The House of Representatives will activate its oversight powers over the 2021 General Appropriations Act (GAA) along with the laws extending the validity of the 2020 GAA and Bayanihan to Recover as One Act (Bayanihan 2).
With this, Camarines Sur Rep. Luis Raymund Villafuerte, member of the independent majority bloc, welcomed this commitment of the House leadership to perform this year its budget oversight powers.
“The House leadership under Speaker [Lord Allan] Velasco would do well to make good on this newly declared commitment to keep a close watch on how agencies of the Executive department would be spending their allocations this year under the 2021 GAA, together with the 2020 national budget and Bayanihan 2, whose validity have been extended, respectively, till June and December,” he said.
Villafuerte was the lead author in the House of Bayanihan 2 and the Bayanihan to Heal as One Act (Bayanihan 1), and co-authored the recently signed laws extending the validity of the unspent portions of Bayanihan 2 to June 30, 2021 and of the 2020 GAA to December 31, 2021.
House Committee on Appropriations Eric Go Yap earlier expressed his commitment to safeguard the righteous expenditure of the people’s budget.
“Our responsibility as the appropriations chair does not end once the budget is enacted.

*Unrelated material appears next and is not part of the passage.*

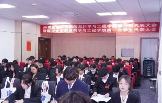 信息科学与工程学院第一次代表大会暨第一次学生代表大会在融信楼552会议室召开。校团委兼职副书记李雷、院党总支书记朱奕远、院学工办主任莫晓燕、院团委老师黄栋栋、嘉兴市学生联合会执行主席于圣洋、校学生会执行主席沈亚轩和各兄弟学院团干部、学生会主席应邀出席,55名团员代表和60名学生代表参会。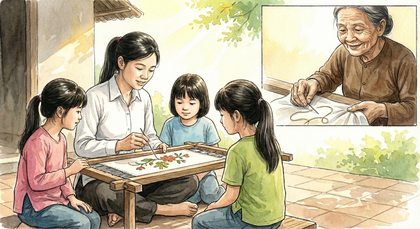 Lành cầm lại cuốn vải, lần đầu thấy tay mình run không phải vì khó, mà vì sợ làm sai. Ngoài hiên, mưa đã ngớt, gió lạnh lại về. Cô gái trẻ ngồi bên bếp, cầm khung thêu, lấy sợi chỉ màu, chọc nhẹ vào mép khăn, thì thầm:

Aside from our regular committee work, we will exercise the oversight function of the committee to look into how the budget will be spent throughout the year,” Yap said.
“This would be the best way for lawmakers to safeguard taxpayers’ money, especially at this time when the national budget deficit has been widening because of the necessity for Malacañang to secure additional borrowings and dramatically raise public spending on cash-intensive programs to fight Covid-19 and keep businesses afloat,” he added.
Villafuerte, however, added that, “Speaker Velasco would do well to return Cha-cha to the back burner as devoting the chamber’s attention to this highly divisive and counterproductive activity is just a waste of taxpayers’ money, especially at this time when we legislators could best be earning our keep by working with the Executive department on measures to deal with the lingering pandemic.”
Although Villafuerte has been one of the top advocates of constitutional reform under the Duterte presidency, he said that amid the pandemic, the situation has changed and “the ship has sailed” on this political reform as “Cha-cha should have been done yesterday.”
He said “the Congress’ time and effort would be best spent, not on tackling Cha-cha, but on passing pending measures and crafting new measures that would beef up our Covid-19 response.”
He said that, for instance, Congress should work double-time on passing the consolidated version of the proposed Corporate Recovery and Tax Incentives for Enterprises Act (CREATE), which, in cutting corporate income taxes, would become the country’s biggest stimulus package ever, particularly for micro, small and medium enterprises (MSMEs) that make up 99 percent of local businesses and employ a majority of workers.
He said Congress has yet to pass, too, another Covid-related stimulus package, namely, the Government Financial Institutions (GFIs) Unified Initiatives to Distressed Enterprises for Economic Recovery or GUIDE bill, which will let GFIs create special holding companies that can infuse equity into pandemic-hit, strategically important corporations with insolvency issues.